When our granddaughter Silvia was six, the local Shakespeare company toured public libraries, having children enact scenes from Macbeth. As much curious how they’d do it as looking for Saturday morning entertainment, I took Silvia.
The troupe was clever. With some strips of cloth, a broomstick and a pot, they did the three witches with kids enthusiastically adding elements for the brew: Thumbtacks! Eyeballs! Dog poop! A happy boy playing Banquo’s host scampered around an improvised banquet table terrorizing uber-guilty Macbeth.
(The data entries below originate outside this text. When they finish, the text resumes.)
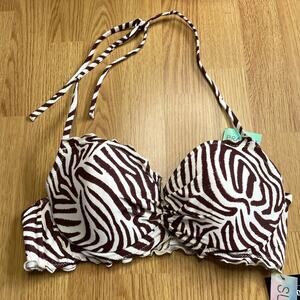 New with tags brown and white zebra print bikini top from Sundazed, 36C. Halter style straps with twist front and ruffle details along the edges, this makes a great neutral top to pair with a variety of bottoms. Underwire for support with bra sizing for confidence in the fit.
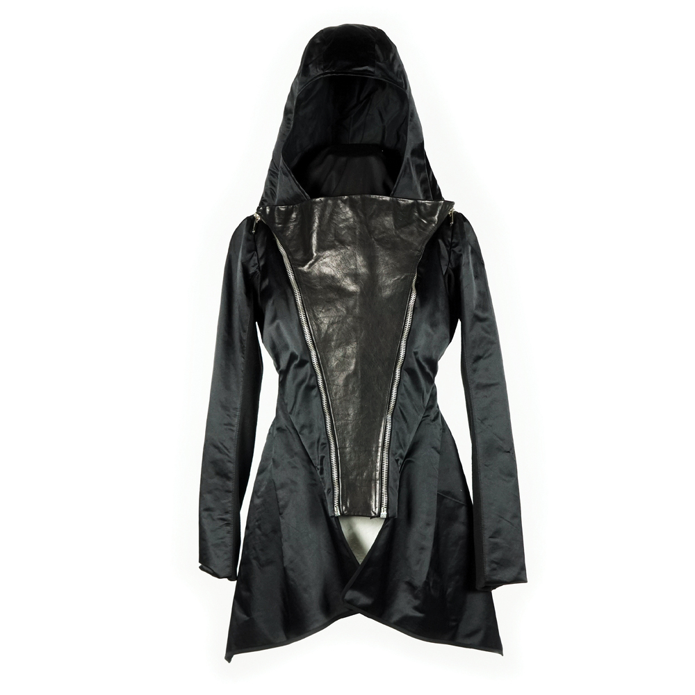 Rick Owens giacca con cappuccio in raso nero con inserto a doppia zip in pelle sul davanti
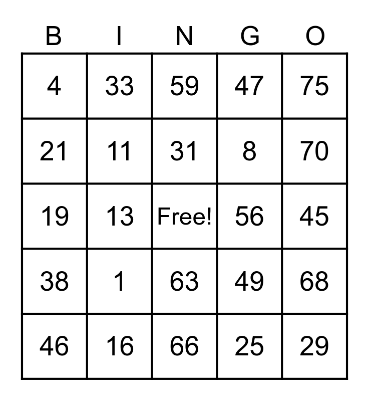 This bingo card has a free space and 24 words: 1, 16, 31, 46, 75, 4, 21, 33, 56, 63, 8, 19, 49, 68, 11, 25, 45, 59, 70, 13, 29, 38, 47 and 66.
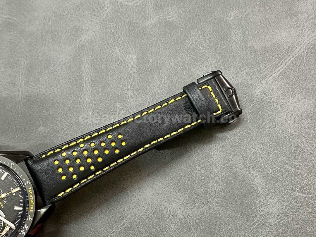 Black perforated leather strap with a yellow inner lining, highly accurate to the original.
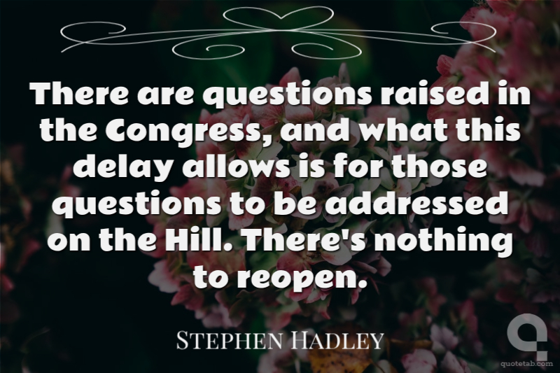There are questions raised in the Congress, and what this delay allows is for those questions to be addressed on the Hill. There's nothing to reopen.
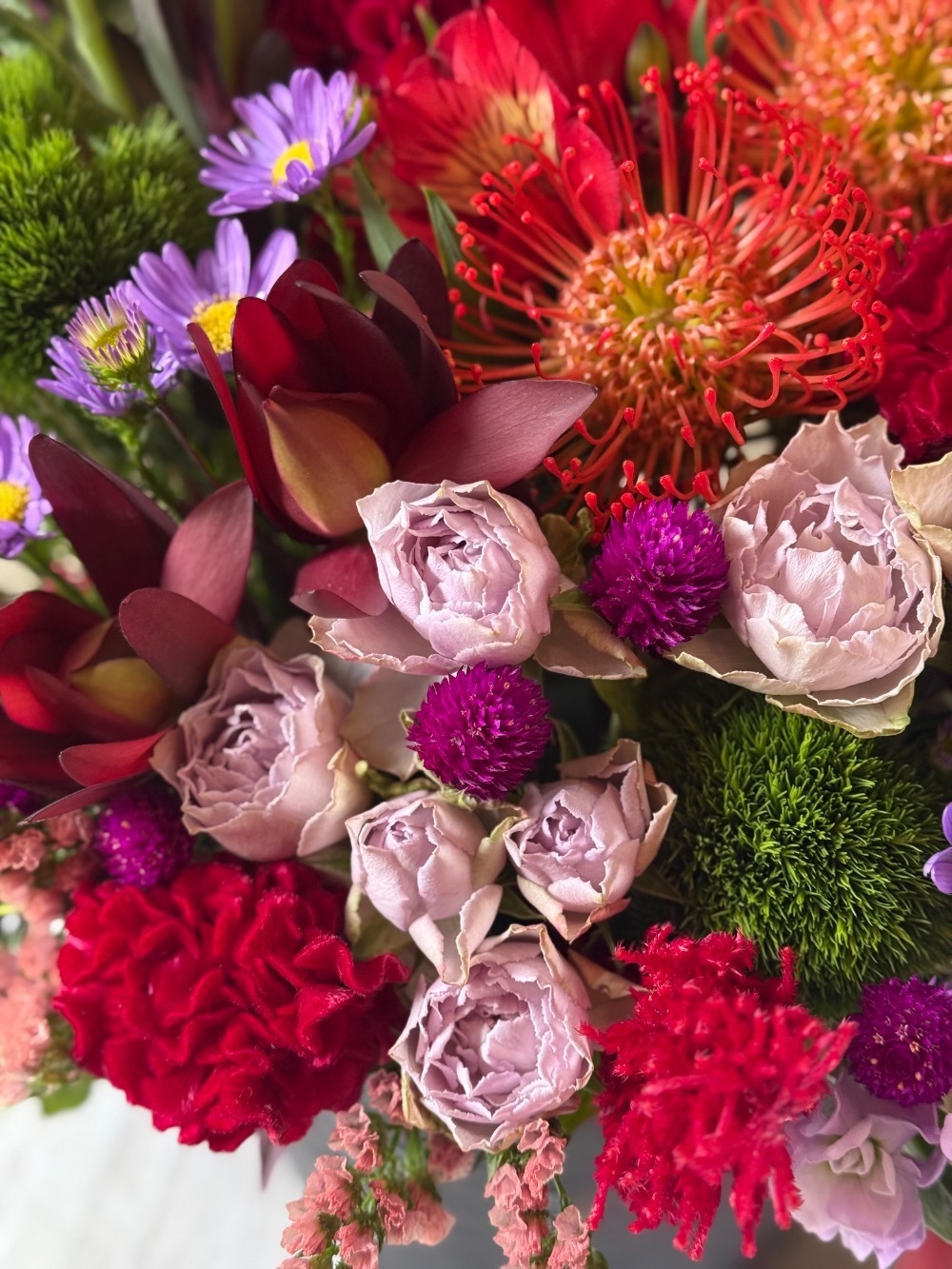 赤紫系でシックでいて華やかなアレンジに仕上げました🌹
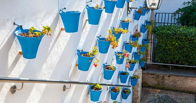 Donice z kwiatami na ścianach to powszechny widok w Kordobie (foto: wnieznane.pl)
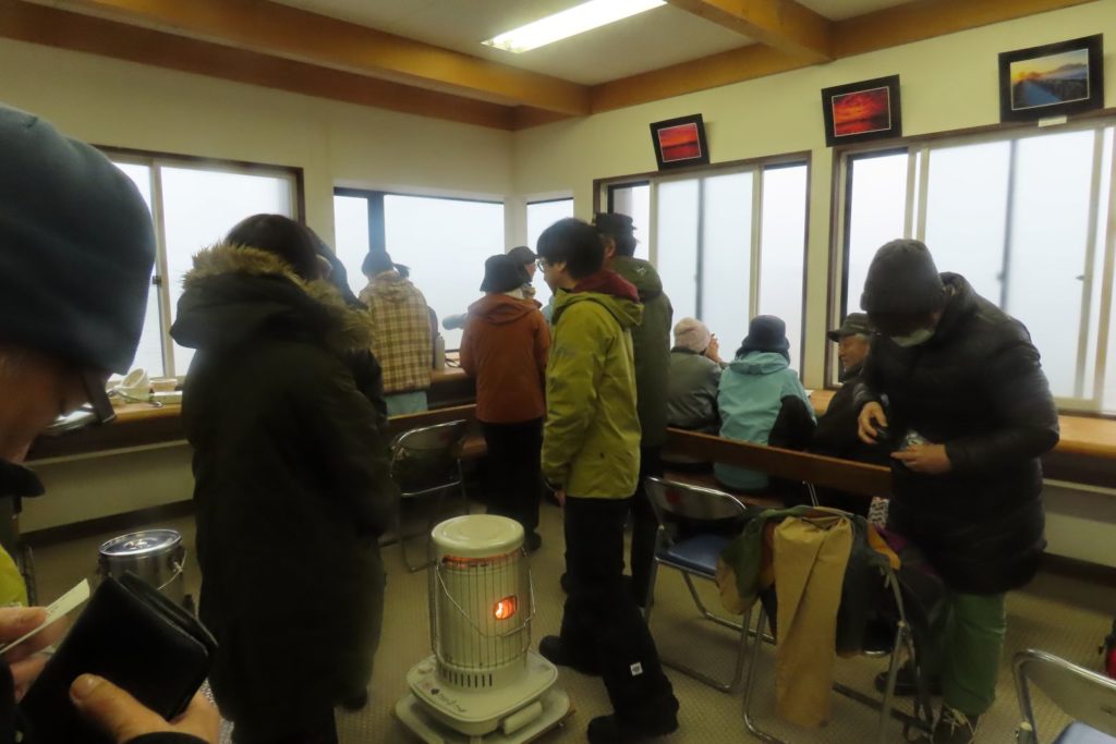 観察小屋の2階にはストーブが用意されており、思いのほか暖かく過ごせたが、窓ガラスは曇りこれまた残念な結果となってしまった。
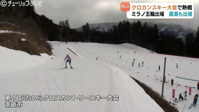 南砺市では15日、たいらクロスカントリースキー大会が行われ、ミラノ・コルティナオリンピックに出場した廣瀬崚選手などが熱戦を繰り広げました。
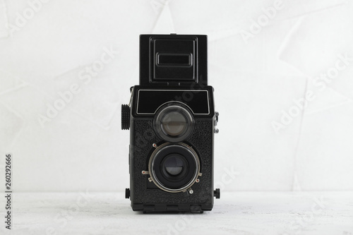The old medium format film TLR camera, camera for modern lomography on white cement background.
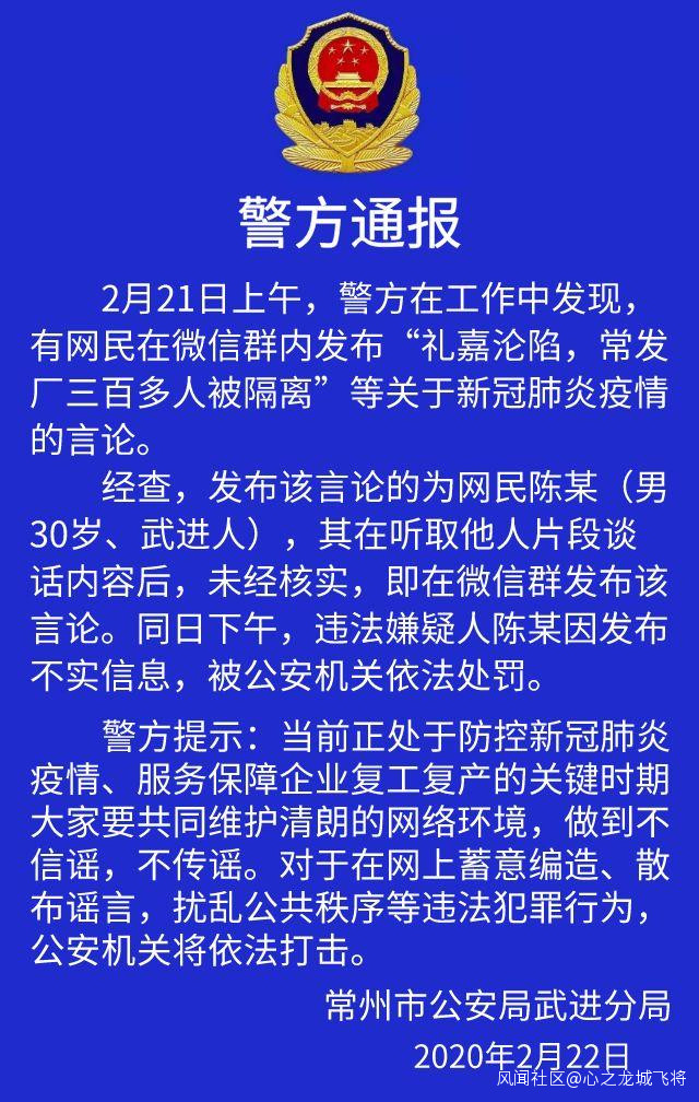 22人蔘與9評論2月21日上午,江蘇常州有一網民在微信羣內發佈“禮嘉淪陷,常發廠三百多人被隔離”的虛假言論,江蘇常州武進警方迅速展開調查,2小時內就將嫌疑人陳某抓獲。
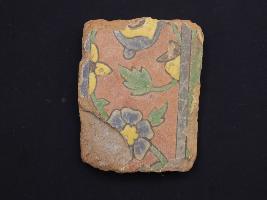 | Description / विवरण | It s a fragment of glazed tile made by terracotta with floral design on it. It is well fired and colours are red, blue, green and yellow. Broken from all sides. Rubbing on the surface. |

With a few branches and improvised cloaks, they did Burnam Wood creeping up Dunsinane Hill.
Afterwards, as we went out to the car, Silvia wanted “the whole story.” She was an absolute glutton for stories. If I was taking her somewhere, she’d generously offer me “the whole time until we get to the car to think of a story for me.” Fortunately I knew the bones of Macbeth well enough.
So as I put her in the car seat and started off, I went through the witch prophecy, Macbeth’s letter to Lady M, his notion that they let time work its magic and make him king, her counter-proposal that they hurry fate along by offing Duncan and his reluctant agreement.
“Then,” I said, “he had second thoughts, because Duncan was a good king, and a guest, so Macbeth told his wife he didn’t want to kill Duncan. She got angry and called him a coward.”
“So he did it, right?” Silvia demanded from her car seat. “That line gets men every time.”